Hence, a machine-readable medium may take many forms, including but not limited to, a tangible storage medium, a carrier wave medium or physical transmission medium. Non-volatile storage media include, for example, optical or magnetic disks, such as any of the storage devices in any computer(s) or the like, which may be used to implement the system or any of its components as shown in the drawings. Volatile storage media include dynamic memory, such as a main memory of such a computer platform. Tangible transmission media include coaxial cables; copper wire and fiber optics, including the wires that form a bus within a computer system. Carrier-wave transmission media may take the form of electric or electromagnetic signals, or acoustic or light waves such as those generated during radio frequency (RF) and infrared (IR) data communications. Common forms of computer-readable media therefore include for example: a floppy disk, a flexible disk, hard disk, magnetic tape, any other magnetic medium, a CD-ROM, DVD or DVD-ROM, any other optical medium, punch cards paper tape, any other physical storage medium with patterns of holes, a RAM, a PROM and EPROM, a FLASH-EPROM, any other memory chip or cartridge, a carrier wave transporting data or instructions, cables or links transporting such a carrier wave, or any other medium from which a computer may read programming code and/or data. Many of these forms of computer readable media may be involved in carrying one or more sequences of one or more instructions to a physical processor for execution.
Those skilled in the art will recognize that the present teachings are amenable to a variety of modifications and/or enhancements. For example, although the implementation of various components described above may be embodied in a hardware device, it may also be implemented as a software only solution, e.g., an installation on an existing server. In addition, the techniques as disclosed herein may be implemented as a firmware, firmware/software combination, firmware/hardware combination, or a hardware/firmware/software combination.
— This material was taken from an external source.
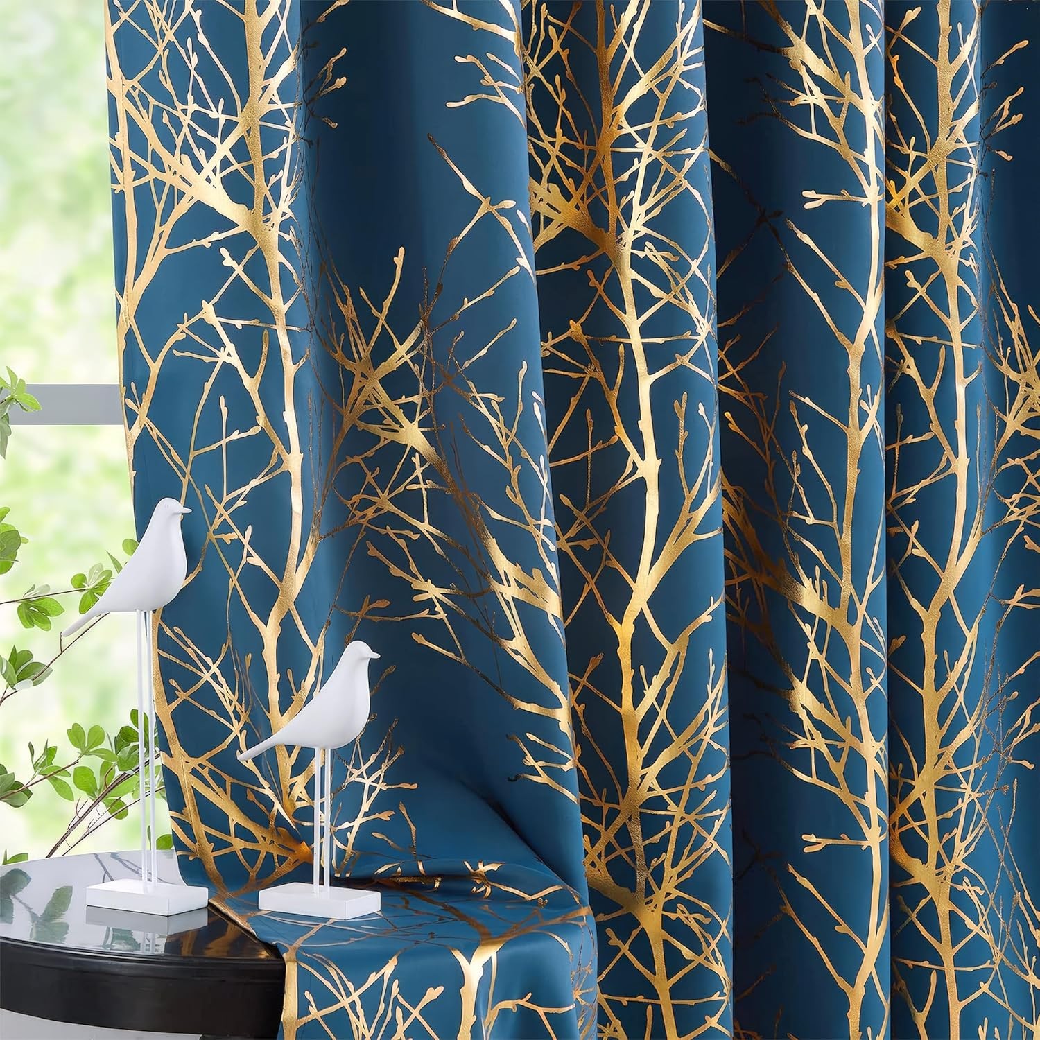 Sutuo Home Navy Blue Sheer Curtains 84 Inches Long 2 Panels Set, Gold Foil Print Metallic Bronzing Branch, Privacy Voile Window Treatment Decor Drape Pair for Bedroom Living Room 52" W x 84" L

While the foregoing has described what are considered to constitute the present teachings and/or other examples, it is understood that various modifications may be made thereto and that the subject matter disclosed herein may be implemented in various forms and examples, and that the teachings may be applied in numerous applications, only some of which have been described herein. It is intended by the following claims to claim any and all applications, modifications and variations that fall within the true scope of the present teachings.
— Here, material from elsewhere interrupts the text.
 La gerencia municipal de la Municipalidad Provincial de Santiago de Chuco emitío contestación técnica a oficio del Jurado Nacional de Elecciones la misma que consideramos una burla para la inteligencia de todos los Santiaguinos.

The present application is related to U.S. Patent Application No. ______ (Attorney Docket No. 146555.560778), entitled “SYSTEM AND METHOD FOR INTEGRATED LARGE-SCALE AUDIENCE TARGETING VIA AUGMENTED HETEROGENEOUS SUB-SYSTEMS” and U.S. Patent Application No. ______ (Attorney Docket No. 146555.562796), entitled “SYSTEM AND METHOD FOR INTEGRATING MULTIPLE EXPERT PREDICTIONS IN A NONLINEAR FRAMEWORK VIA LEARNING”, both of which are incorporated herein by reference in their entireties.